Bug report regarding the documentation: [1]

[1] https://bz.apache.org/bugzilla/show_bug.cgi?id=60247
Comment 13 Todd Vierling 2016-10-13 00:39:59 UTC
(In reply to ysdev from comment #12)
> > In all seriousness: I can't do anything to fix or help a 404.
> 
> You're approaching this thing from a very narrow minded point of view. For
> you, 404 errors are apparently forced on your server from someone on the
> outside, possibly even with ill intent.
> 
> From my perspective, 404 errors happen when I link to files that don't
> exist, and so the huge majority of 404 errors I'm seeing are caused by *me*,
> until I fix my site.

And you have a way to get them anywhere you want, without them being logged to error_log at the same level as major server problems: mod_log_config. You can even use CustomLog's expression support to log only 404s to a file of their own, if you prefer. And you get to choose how they're logged, including translated path and everything else you could need.

Or just set the error log level to info if you want all content related errors (there are more than just not-found errors logged at this level, and by the same argument above, you may want to see those too).

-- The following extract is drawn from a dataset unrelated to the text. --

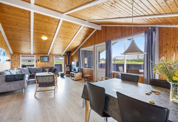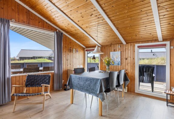 På den lukkede terrasse kan I slappe af i havemøblerne eller tage solbad i liggestolene imens børnene leger i sandkassen. Tænd op i grillen til aften og nyd et lækkert grillmåltid sammen, imens skyggerne bliver lange. Bagefter kan I nå en tur til stranden, hvor I alle kan opleve solnedgangen i Vesterhavet – det er en oplevelse for alle aldersklasser.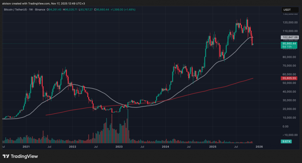 Биткоин продолжил падение на прошлой неделе, потеряв почти все прибыли текущего года. Снижение на 27% от недавних максимумов привело к пробою 50-недельной скользящей средней — важного технического ориентира для среднесрочного тренда. Недельное закрытие под отметкой $100 000 стало первым с 4 мая, что усилило осторожные настроения на рынках цифровых активов.

The problem fixed by this bug is that major server errors and content-missing errors had the same log level -- so the former could be drowned out by the latter, or the former would disappear completely if the error log level were tuned to avoid warning level messages.
Comment 14 Philippe Cloutier 2021-07-16 18:21:24 UTC
(In reply to Todd Vierling from comment #13)
> (In reply to ysdev from comment #12)
> > > In all seriousness: I can't do anything to fix or help a 404.
> > 
> > You're approaching this thing from a very narrow minded point of view. For
> > you, 404 errors are apparently forced on your server from someone on the
> > outside, possibly even with ill intent.
> > 
> > From my perspective, 404 errors happen when I link to files that don't
> > exist, and so the huge majority of 404 errors I'm seeing are caused by *me*,
> > until I fix my site.
> 
> And you have a way to get them anywhere you want, without them being logged
> to error_log at the same level as major server problems: mod_log_config.

How would that be done?
Comment 15 Philippe Cloutier 2021-07-16 18:32:48 UTC
Thank you for this report and for the work on it. I experienced this annoyance several times.

That being said, I am not satisfied by the new situation neither. While warn must have been excessive, I doubt info is sufficient. 404-s seem to fit the definition of notice pretty well:
> Normal but significant condition.

I'm afraid this highlights a relatively false dichotomy between access_log and error_log.

nginx logs 404-s in its error log, and features a simple boolean directive to control that behavior: http://nginx.org/en/docs/http/ngx_http_core_module.html#log_not_found
I believe httpd should either offer more sophisticated logging or make configuring this behavior as easy as nginx.